§ **Collected material**
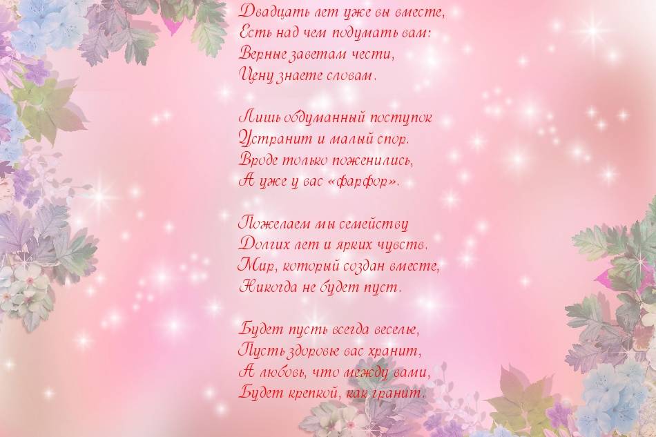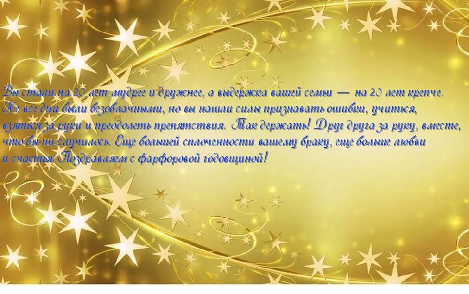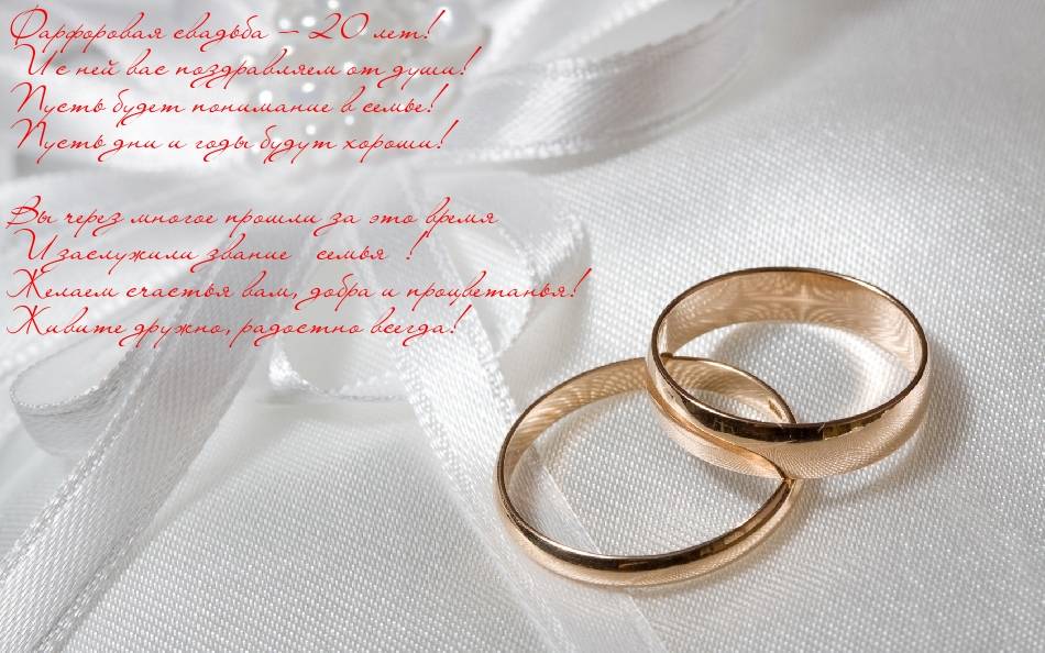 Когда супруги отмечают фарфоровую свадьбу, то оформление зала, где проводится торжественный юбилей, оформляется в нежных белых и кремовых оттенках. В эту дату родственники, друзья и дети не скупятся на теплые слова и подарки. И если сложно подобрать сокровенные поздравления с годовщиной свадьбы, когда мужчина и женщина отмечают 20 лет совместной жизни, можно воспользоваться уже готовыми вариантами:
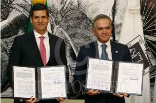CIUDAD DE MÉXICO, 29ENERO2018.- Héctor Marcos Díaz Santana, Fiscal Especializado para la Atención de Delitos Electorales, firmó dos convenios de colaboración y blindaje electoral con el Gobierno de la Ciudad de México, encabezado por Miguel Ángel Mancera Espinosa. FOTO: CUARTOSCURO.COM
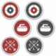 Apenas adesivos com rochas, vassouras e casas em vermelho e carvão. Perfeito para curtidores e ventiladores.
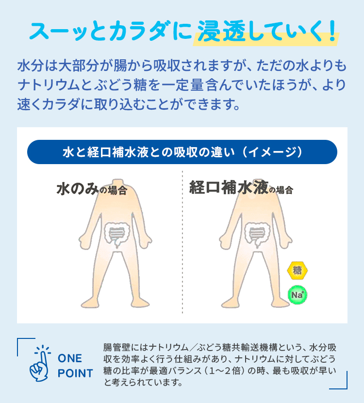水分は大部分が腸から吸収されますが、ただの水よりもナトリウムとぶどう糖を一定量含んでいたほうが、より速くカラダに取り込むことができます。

§ **What to produce**
Set down the material above as is, without any pictures.

§ **Solution below**
 Когда супруги отмечают фарфоровую свадьбу, то оформление зала, где проводится торжественный юбилей, оформляется в нежных белых и кремовых оттенках. В эту дату родственники, друзья и дети не скупятся на теплые слова и подарки. И если сложно подобрать сокровенные поздравления с годовщиной свадьбы, когда мужчина и женщина отмечают 20 лет совместной жизни, можно воспользоваться уже готовыми вариантами:
CIUDAD DE MÉXICO, 29ENERO2018.- Héctor Marcos Díaz Santana, Fiscal Especializado para la Atención de Delitos Electorales, firmó dos convenios de colaboración y blindaje electoral con el Gobierno de la Ciudad de México, encabezado por Miguel Ángel Mancera Espinosa. FOTO: CUARTOSCURO.COM
 Apenas adesivos com rochas, vassouras e casas em vermelho e carvão. Perfeito para curtidores e ventiladores.
水分は大部分が腸から吸収されますが、ただの水よりもナトリウムとぶどう糖を一定量含んでいたほうが、より速くカラダに取り込むことができます。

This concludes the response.